The TV is on, and the boy is sitting in an easy chair. His father is rocking in his favorite rocking chair. Ruthanne races down the hall from the kitchen.
“Hey! You were supposed to be in the bath!”
She ignores their father and keeps running.
“Get back here now!”
She comes back into the room, face flushed.
“Can you just go get in the bath, please?”
She shakes her head. “I’m playing. I don’t wanna get ready for bed.”
“I know, but it’s time to wind down.”
She stamps her feet, turns to head off, then whirls back and audibly grinds her teeth at their dad.
Dad has been smiling, but now his face changes.
“Come here right now.”
She comes over, and the boy squirms. His dad is the mild parent, the one you ask when you really want something, the one who reads you Tom Sawyer when you are scared at night.
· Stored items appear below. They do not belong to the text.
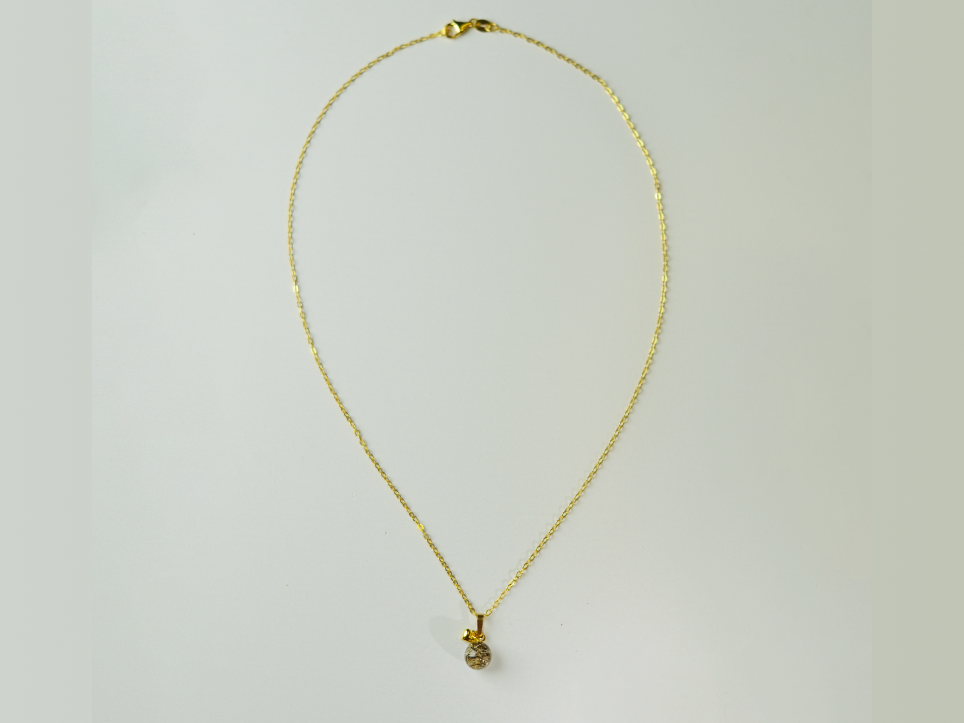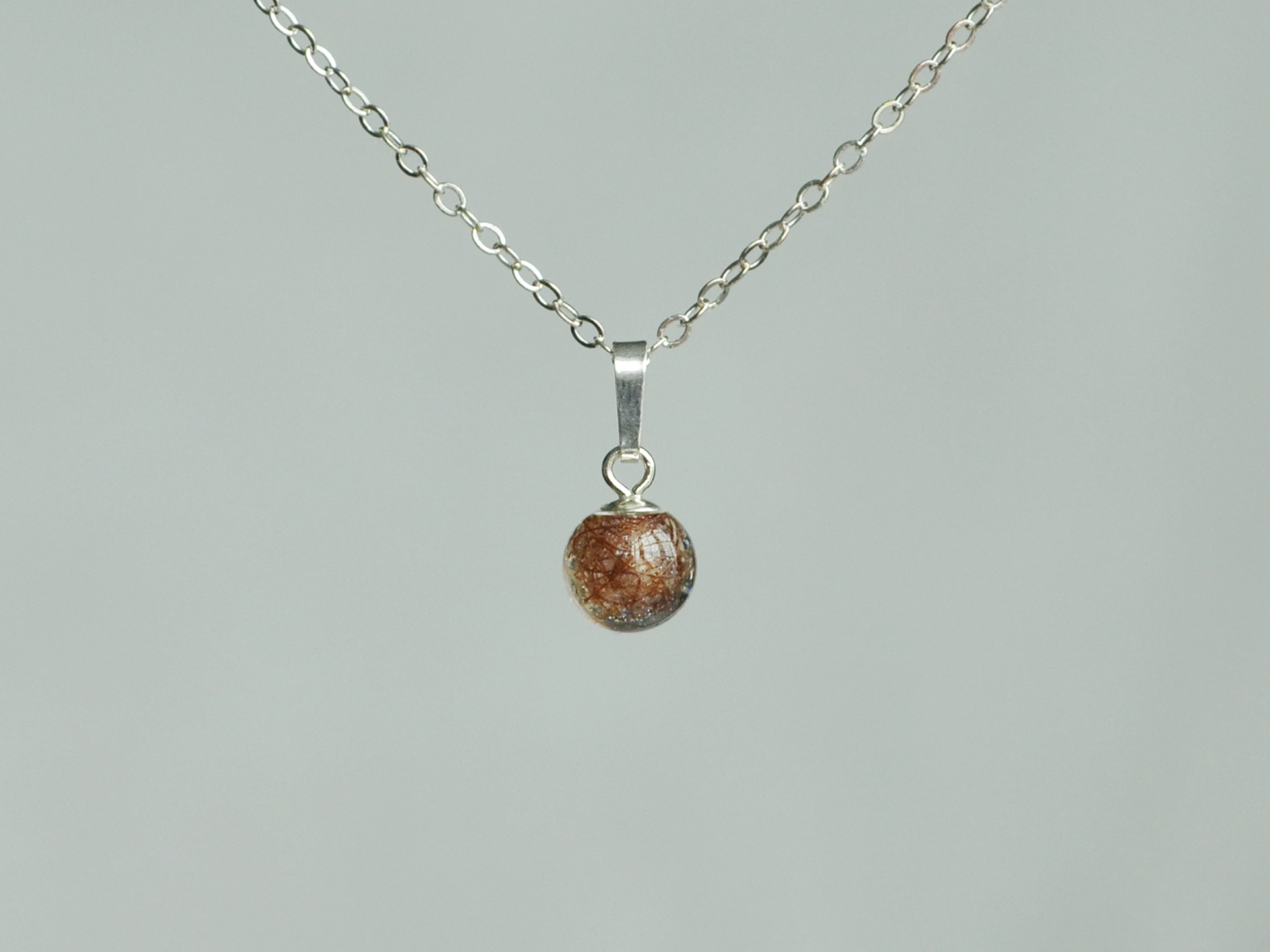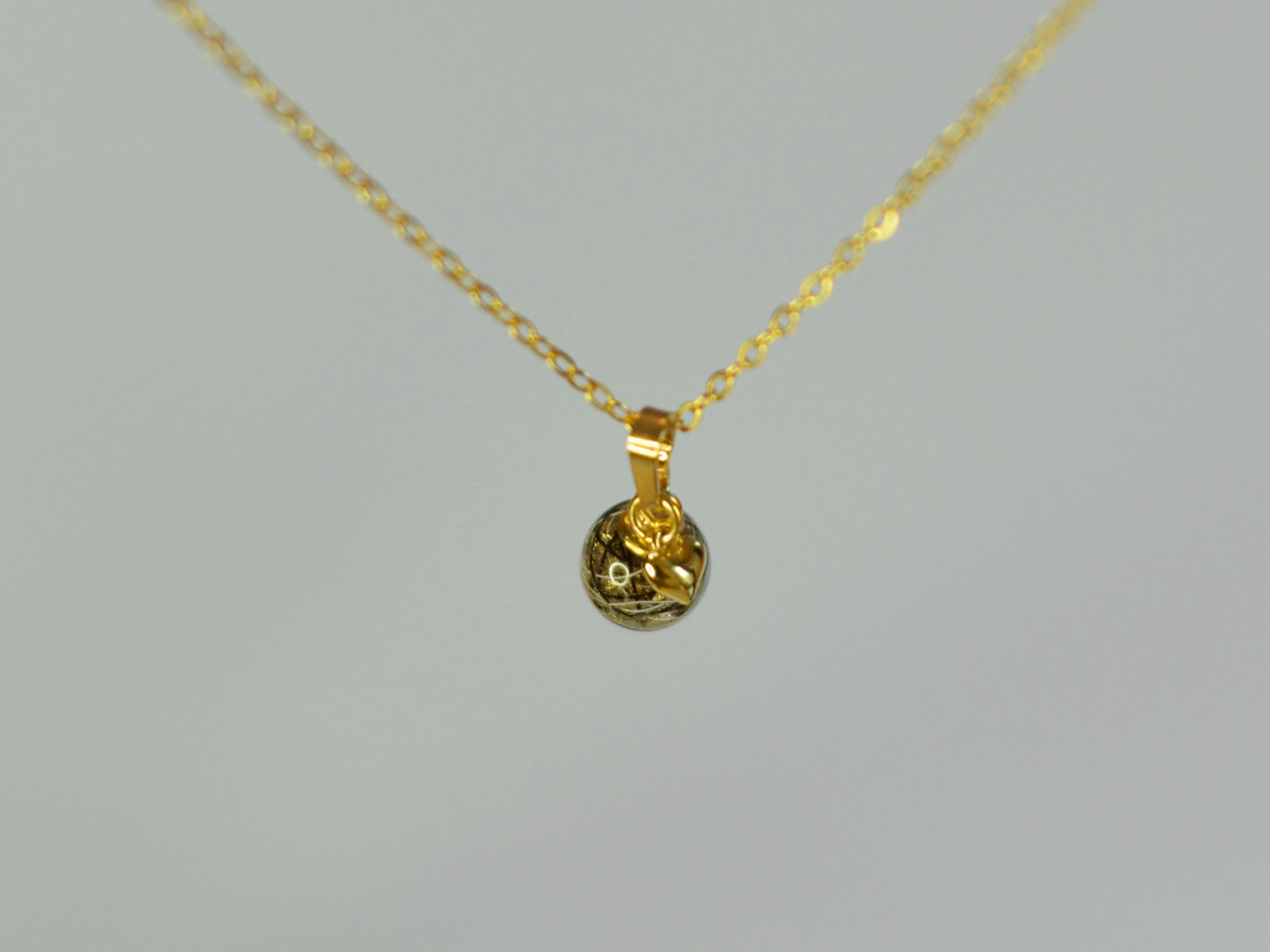 The Emma-Rosa Necklace is made with a classic cable link chain and a single handmade bead with resin and horsehair. This necklace also comes with a mini heart.
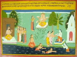 | Description / विवरण | Miniature painting based on Mahabharat - Gada parva depicting Vashishth rishi is meditating near bank of Sarswati river at middle lower part. Brahama is depicted at upper middle part with one women. At the right part, Vishvamitra is depicted sitting and talking to four women standing with folded hand. Baldev is depicted taking bath and giving daan. |
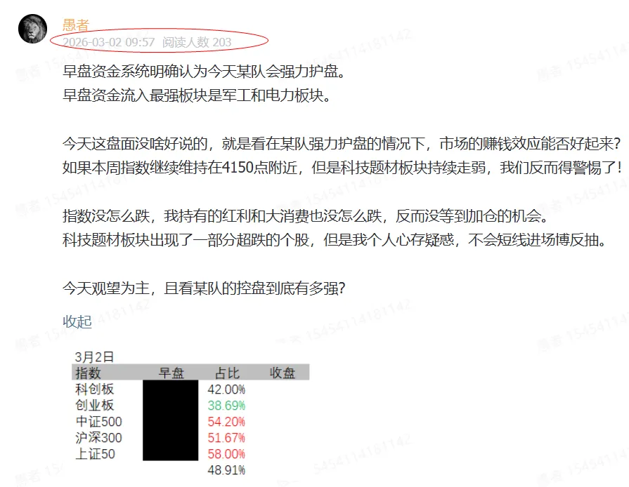 资金系统明确认定今天某队一定会强行稳住上证指数,但是多数个股大概率就顾不上了。只有1000多只股票收阳,全A平均股价大跌1.5%以上。现在上证指数继续强拉到4170点上方,离4200点的阻力区仅仅只有一步之遥。这行情就像一根鱼刺卡在你的喉咙里,上不去也下不来。你想等市场砸下来,给你一个相对舒服的进场位置,某队不让;你想赌市场一定创新高,但是多数个股不配合,你又不敢重仓进场。这种盘面,除了做做指数期权的日内波动,也没有什么好办法。今天下午,某队当然会继续护盘,但是市场的赚钱效应能否回来就只有天知道了!最后的最后,推一下我的新付费圈:
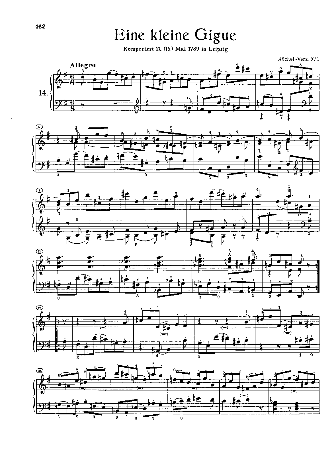 Name Aliases Giga en sol mayor; KV 574; Giga en sol mayor, KV 574; Pequeña giga en sol mayor para teclado; Kleine Gigue in G major
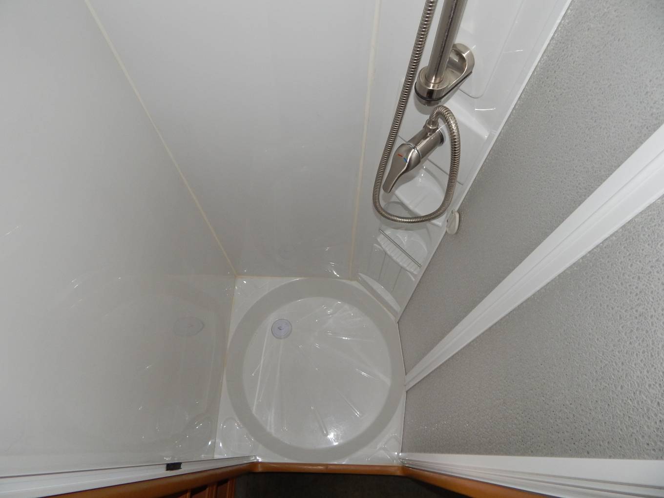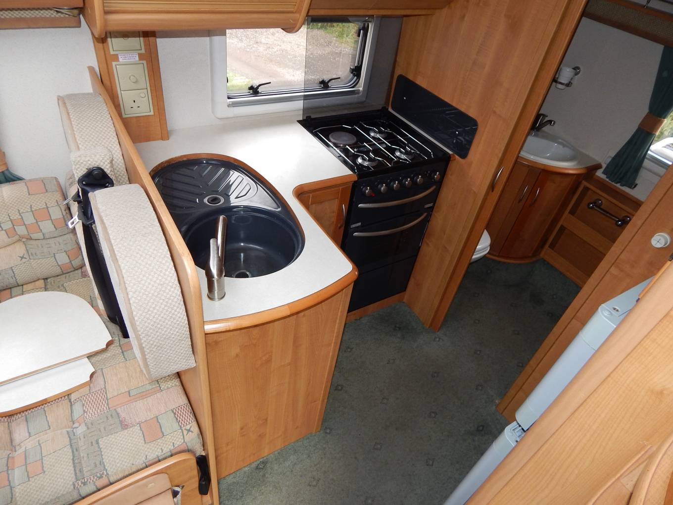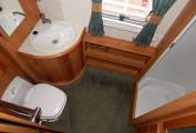 The large end washroom has a fabulous separate shower cubicle with folding Perspex door, a built-in washbasin with mixer tap and a Thetford cassette swivelling toilet with electric flush.
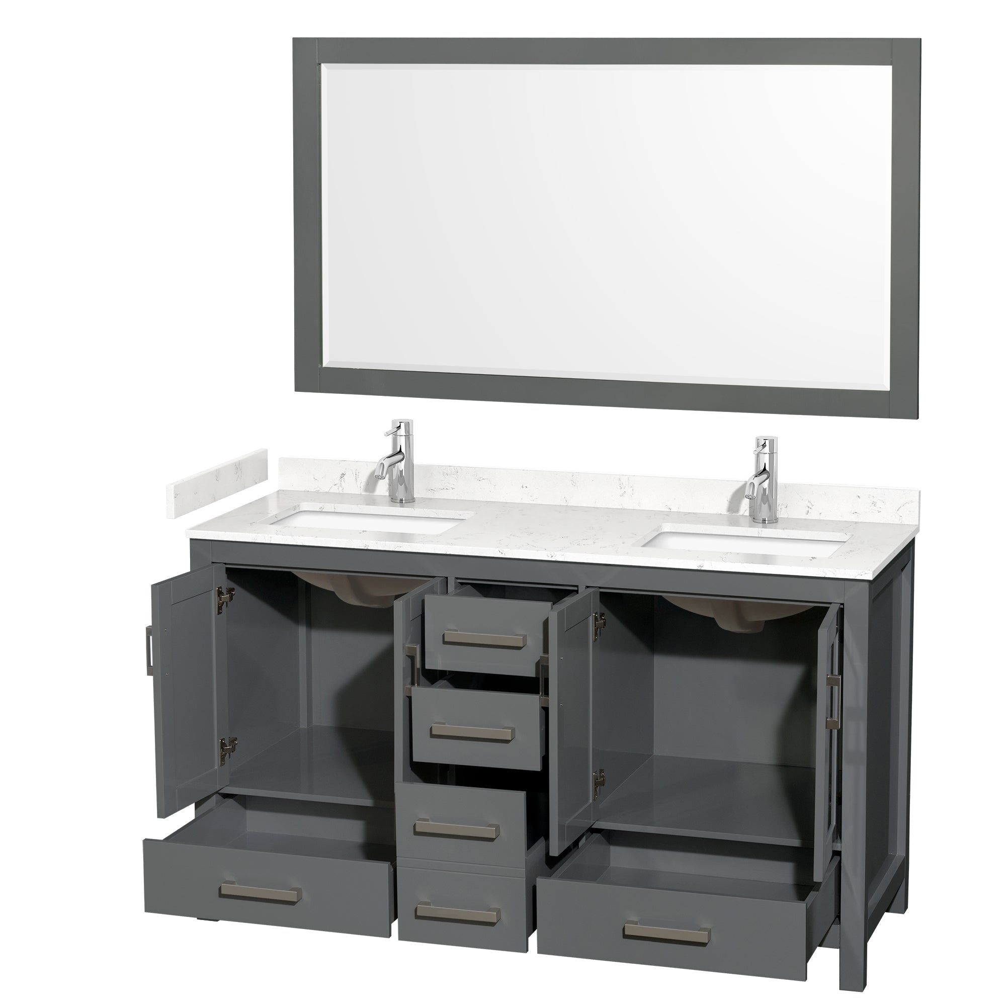 Wyndham Sheffield 60 Inch Double Bathroom Vanity in Dark Gray, Carrara Cultured Marble Countertop, Undermount Square Sinks, 58 Inch Mirror
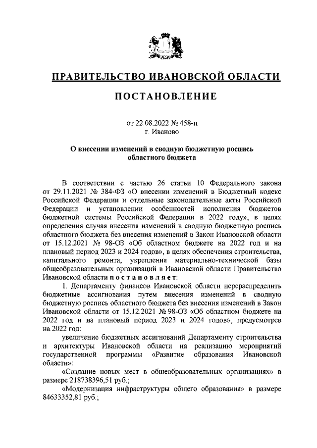 Постановление Правительства Ивановской области от 22.08.2022 N 458-п "О внесении изменений в сводную бюджетную роспись областного бюджета"
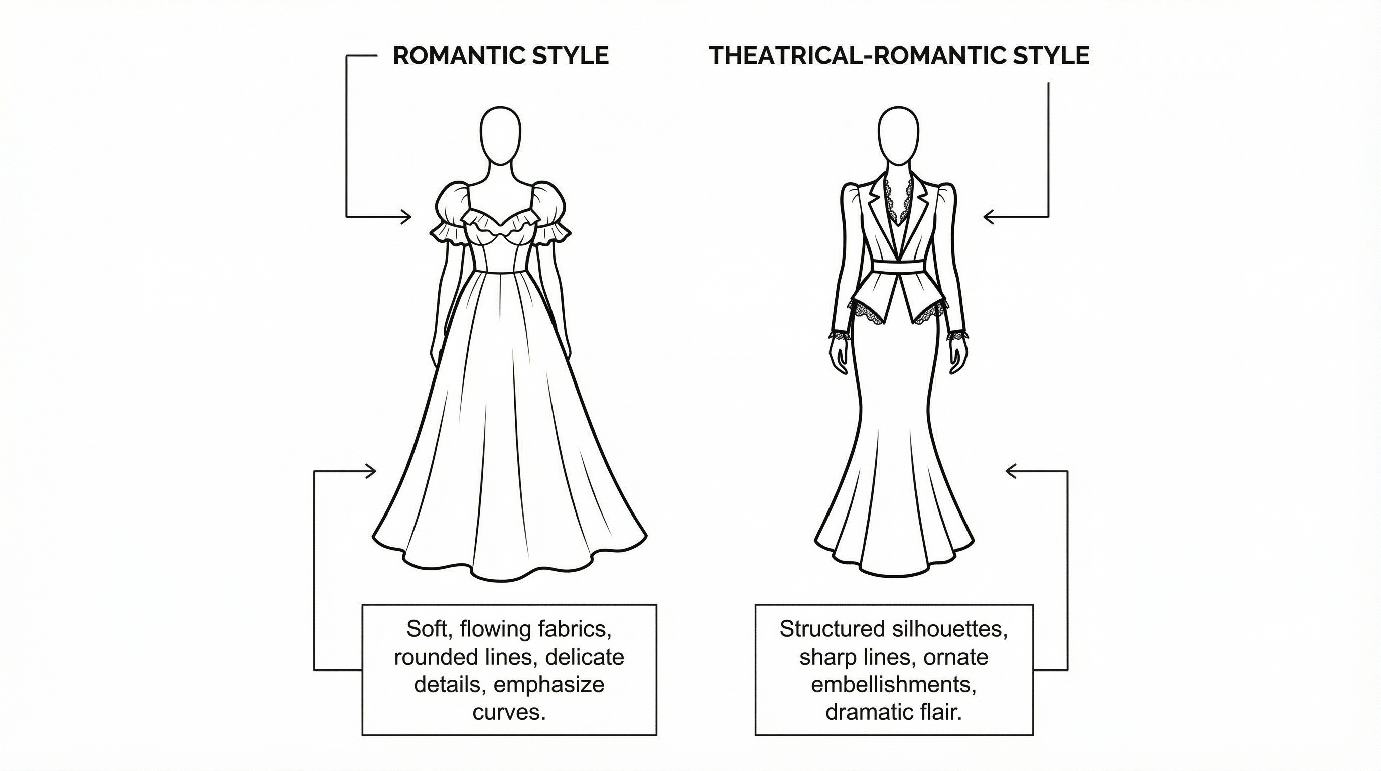 Pure Romantics need soft, gentle, dreamy aesthetics. Think soft florals, delicate lace, rounded shapes, and romantic details without too much boldness. The look should be feminine and sweet rather than dramatic. Avoid heavy ornamentation or overly glamorous pieces that overpower the soft yin. Theatrical Romantics can embrace more drama and glamour. Think bold curves, statement jewelry, luxurious fabrics, and ornate details. The look should be sensual and striking while still honoring the curves. Old Hollywood glamour is the Theatrical Romantic sweet spot.
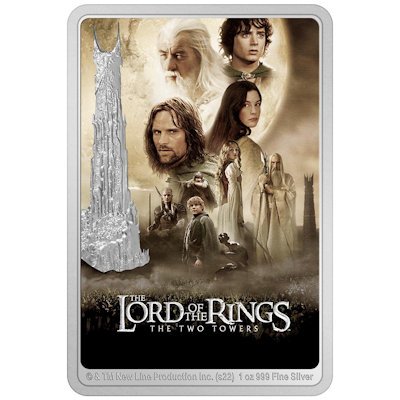 herr-der-ringe-die-zwei-tuerme-1-oz-silber-koloriert-etuiDie zwei Türme, die dem zweiten Teil von Tolkiens Saga den Namen geben, flankieren das Motiv der Silbermünze: links der dunkle Turm in Mordor, der graviert und mit matten Finish aus dem Bild heraussticht, rechts der Orthanc. Letzterer ist die Heimat des Zauberers Saruman, der das Bündnis gegen Sauron aus Machtgier verraten hat und nun in Isengart sein eigenes Süppchen kocht und Orks züchtet. Er möchte den Ring für sich haben, doch stattdessen rufen seine Intrigen die Ents auf den Plan: Als diese sehen, wie Saruman die Wälder abholzt, greifen sie ihn an und setzen ihn schließlich in seinem Turm gefangen. Währenddessen haben Frodo und Sam, die unterwegs zum anderen Turm aus dem Titel sind, Gesellschaft bekommen: Gollum ist zu ihrem Führer geworden – doch gleichzeitig giert er danach, den Ring wieder an sich zu bringen.
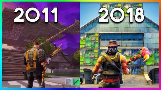 游戏正式发售后,国外玩家还做了不少《堡垒之夜》2011年版本 VS 2018年版本的对比

“Don’t you act like that with me.”
He “slaps” her on the left cheek. It’s really more of a pat—no way it could have hurt.Ruthanne bursts into tears and storms off. The boy stares at the TV, wiggling uncomfortably until he realizes that his father looking at him, smiling.
“What’s the matter, Son?”
He shrugs. His father smiles broadly and winks.
“Don’t you know that one of the greatest joys in life is having your children tell you how much they hate you?”